The role of boundary conditions in scaling laws for turbulent heat transport

TL;DR

This paper reviews how different boundary conditions in Rayleigh-Bénard convection influence heat transport bounds, highlighting their impact on boundary layer behavior and the resulting scaling laws.

Contribution

It systematically compares theoretical bounds on heat transport for no-slip, free-slip, and Navier-slip boundary conditions in turbulent convection.

Findings

Boundary conditions significantly affect heat transport bounds.

Different boundary conditions alter boundary layer properties.

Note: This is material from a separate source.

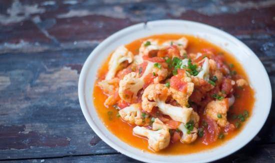 1、花菜洗净用手去皮成小朵,番茄洗净,用开水烫去皮,切小方块,葱切碎;

Theoretical bounds vary with boundary condition choice.

Abstract

In most results concerning bounds on the heat transport in the Rayleigh-B\'{e}nard convection problem no-slip boundary conditions for the velocity field are assumed. Nevertheless it is debatable, whether these boundary conditions reflect the behavior of the fluid at the boundary. This problem is important in theoretical fluid mechanics as well as in industrial applications, as the choice of boundary conditions has effects in the description of the boundary layers and its properties. In fact, different boundary conditions may inhibit or enhance heat transport. This review presents a selection of contributions in the theory of rigorous bounds on Nusselt number, distinguishing and comparing the results for no-slip, free-slip and Navier-slip boundary conditions.